In the past 30 years we have seen an explosion of activity in this third space of home-made culture. Let me ask you: what proportion of the 20-year-olds that you know are in a band, or curate their photographs, or make films with their camcorders? 100 percent, right? Everyone under the age of 25 seems to be an aspirant musician, poet, writer or filmmaker. In part that’s because the means of production have become cheaper and easier to use. You can now make a film on a $200 camera and edit it on a laptop, instead of needing a crew of 50 unionized workers and a capital-intensive studio.
But the really revolutionary technological innovation has been the internet. What the internet has done—uniquely and irrevocably, and in an incredibly short space of time—is to enable people to use culture to communicate, collaborate and make money in ways that are entirely new.
This has played havoc with the business models of the music, film and broadcasting sectors.

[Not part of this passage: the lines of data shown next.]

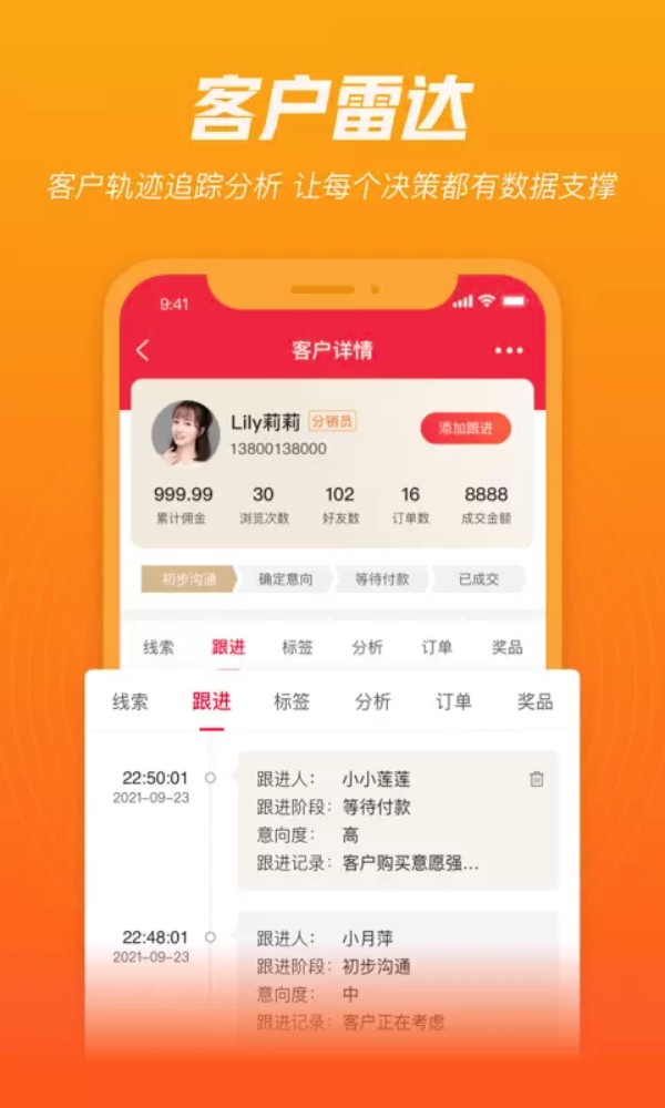 智能化客户管理:以客户生命周期管理为核心,系统自动记录完整的销售轨迹和客户互动数据。销售人员可随时查看客户动态画像,通过数据分析工具深度洞察用户需求,及时调整销售策略,实现精准营销。
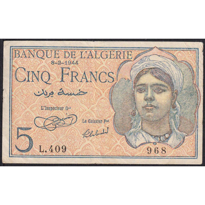 • Algérie - Pick 94a - 5 francs - Série L.409 - 08/02/1944 - Etat : TTB
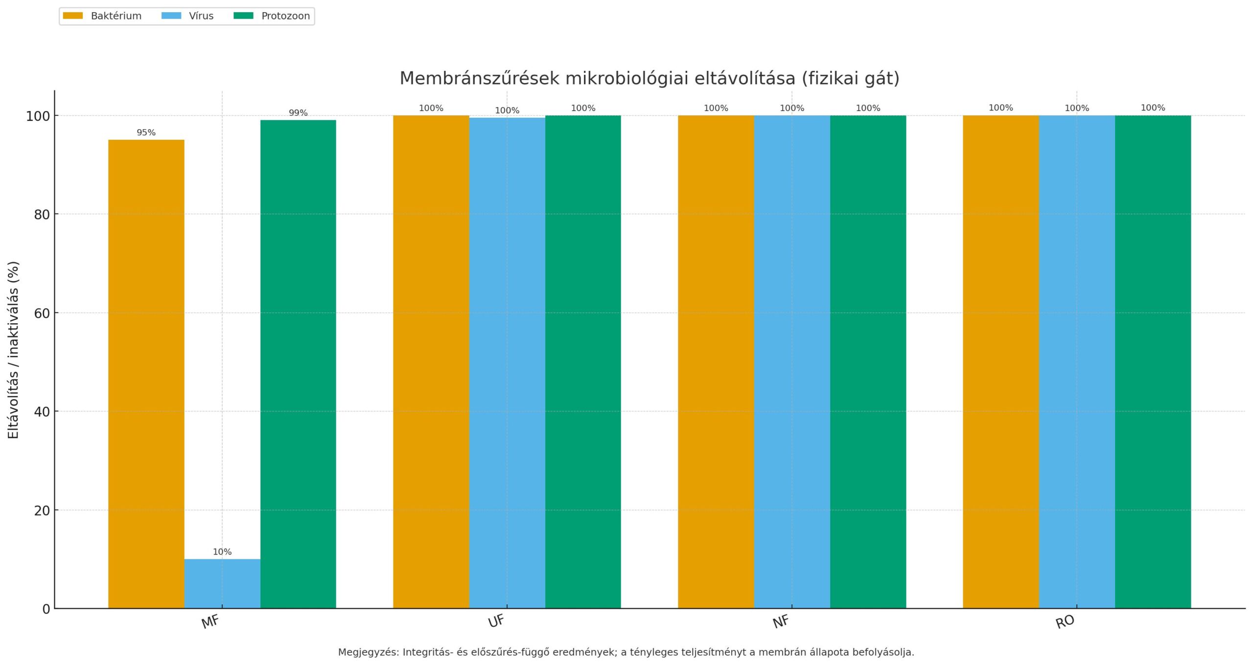 Mikroszűrés (MF) 0,1 µm-nál nagyobb részecskék: baktériumok, protozoák, üledék Baktérium: ~90–99%; Protozoa (Giardia, Crypto): ~99% (2 log); Vírus: alacsony, 0–1 log (szinte szabadon átjutnak). Membrános előszűrés homokszűrő helyett vagy után; pl. vízművek finomítására, ha extra biztonság kell.
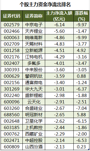 此外,2905只个股被主力资金净卖出,其中,69股被主力资金净卖出超1亿元。主力资金净流出最多的个股是中京电子,净流出金额为6.14亿元;主力资金净流出居前的个股还有天齐锂业、皖维高新、天赐材料、立新能源、江特电机,净流出金额分别为5.6亿元、4.86亿元、4.83亿元、4.51亿元、4.29亿元。

And it has changed the possibilities for all three spheres of culture and all forms of cultural expression within them, presenting not only a wealth of new opportunities (such as new audiences, new art forms, new distribution channels) but also a set of questions (what to do about intellectual property; what to fund; how to educate young people; and censorship for example).
By fundamentally changing the rules of the game, this revolutionary technology has also changed the role of culture in people’s lives. Instead of being passive consumers of culture, dumb audience members sitting in the dark in silence, nowadays we all take on positions as producers and consumers, authors and readers, performers and spectators all of the time. We graze in comfort across these three spheres of culture without a second thought. Each of us moves fluidly through our cultural lives, creating our sense of individual and collective identity as we go; and we increasingly define ourselves by what we choose to watch, read and listen to and so on.

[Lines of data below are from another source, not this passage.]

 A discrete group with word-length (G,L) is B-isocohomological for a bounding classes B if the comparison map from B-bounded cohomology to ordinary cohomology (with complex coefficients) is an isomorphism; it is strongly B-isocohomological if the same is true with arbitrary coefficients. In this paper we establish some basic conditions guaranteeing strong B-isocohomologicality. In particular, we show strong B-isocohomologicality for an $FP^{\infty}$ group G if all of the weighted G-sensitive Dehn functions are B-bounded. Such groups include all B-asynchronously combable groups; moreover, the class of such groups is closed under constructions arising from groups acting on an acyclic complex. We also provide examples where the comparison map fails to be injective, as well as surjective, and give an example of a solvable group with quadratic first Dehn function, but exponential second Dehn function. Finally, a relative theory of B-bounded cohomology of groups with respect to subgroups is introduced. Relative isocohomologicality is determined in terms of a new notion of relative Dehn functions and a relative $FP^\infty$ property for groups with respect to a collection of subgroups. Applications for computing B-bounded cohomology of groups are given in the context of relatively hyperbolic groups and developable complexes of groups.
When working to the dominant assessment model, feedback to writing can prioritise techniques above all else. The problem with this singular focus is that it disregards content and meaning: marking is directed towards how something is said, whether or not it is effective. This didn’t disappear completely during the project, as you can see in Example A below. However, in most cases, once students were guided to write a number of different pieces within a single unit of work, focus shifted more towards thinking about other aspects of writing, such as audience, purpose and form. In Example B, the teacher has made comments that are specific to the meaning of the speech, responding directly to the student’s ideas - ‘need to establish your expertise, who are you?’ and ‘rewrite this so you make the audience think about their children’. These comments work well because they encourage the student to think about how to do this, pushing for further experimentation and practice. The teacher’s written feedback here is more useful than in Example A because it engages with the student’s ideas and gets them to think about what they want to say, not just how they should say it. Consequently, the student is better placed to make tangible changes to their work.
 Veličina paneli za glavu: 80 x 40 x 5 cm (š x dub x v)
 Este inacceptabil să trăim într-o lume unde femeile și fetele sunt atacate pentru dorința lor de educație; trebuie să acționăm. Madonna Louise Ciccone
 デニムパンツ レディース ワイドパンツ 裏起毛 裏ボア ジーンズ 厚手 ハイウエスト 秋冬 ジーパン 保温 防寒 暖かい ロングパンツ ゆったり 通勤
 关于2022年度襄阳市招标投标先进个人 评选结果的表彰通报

And just as this integrated model of culture explains how and why the arts and culture together have become more important for individual people, by extension it explains why this big cultural landscape has become more important to cities and why culture will, I think, become more and more important in the world of politics and policy.
Because under the old model of culture the high arts could be dismissed as a narrow elitist pursuit; commercial culture could be written off as populist entertainment; and home-made culture could be patronized as “amateur.” But put all three together into one completely interlinked and interwoven activity, and culture transforms into being what Jordi Marti, the former Head of Culture in Barcelona, calls “the second ecosystem of humankind.”

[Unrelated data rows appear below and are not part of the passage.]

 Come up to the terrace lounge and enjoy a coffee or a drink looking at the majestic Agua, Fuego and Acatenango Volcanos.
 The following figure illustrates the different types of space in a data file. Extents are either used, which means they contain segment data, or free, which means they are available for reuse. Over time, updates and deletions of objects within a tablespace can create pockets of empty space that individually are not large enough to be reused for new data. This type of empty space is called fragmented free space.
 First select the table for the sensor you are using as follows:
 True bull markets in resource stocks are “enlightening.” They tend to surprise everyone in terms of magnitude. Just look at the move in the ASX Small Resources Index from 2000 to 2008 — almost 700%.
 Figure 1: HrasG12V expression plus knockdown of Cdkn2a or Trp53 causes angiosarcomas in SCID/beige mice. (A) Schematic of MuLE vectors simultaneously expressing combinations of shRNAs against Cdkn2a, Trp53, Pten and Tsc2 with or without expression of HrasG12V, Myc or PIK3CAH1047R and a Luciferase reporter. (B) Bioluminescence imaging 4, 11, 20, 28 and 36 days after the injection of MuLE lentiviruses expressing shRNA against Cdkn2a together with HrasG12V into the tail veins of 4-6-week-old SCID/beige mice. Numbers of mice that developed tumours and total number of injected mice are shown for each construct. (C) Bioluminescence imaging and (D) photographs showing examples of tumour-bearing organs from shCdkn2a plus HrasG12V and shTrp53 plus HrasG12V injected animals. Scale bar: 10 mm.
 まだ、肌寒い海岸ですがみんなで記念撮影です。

Now, if all that sounds too high-falutin’ and theoretical, let me present you with some of the reality of how culture now affects the life of cities and nations.
First, this broad sweep of interconnected cultures has become economically important. In a publication I wrote a few years ago, with the admittedly uninspiring title of Publicly Funded Culture and the Creative Industries, I looked at the ways in which the funded arts and the money-making cultural industries were inseparable—because of the way that ideas and skills are shared, because of the way that one creates a market for the other, and because of the way that people make a living by operating right across this cultural landscape.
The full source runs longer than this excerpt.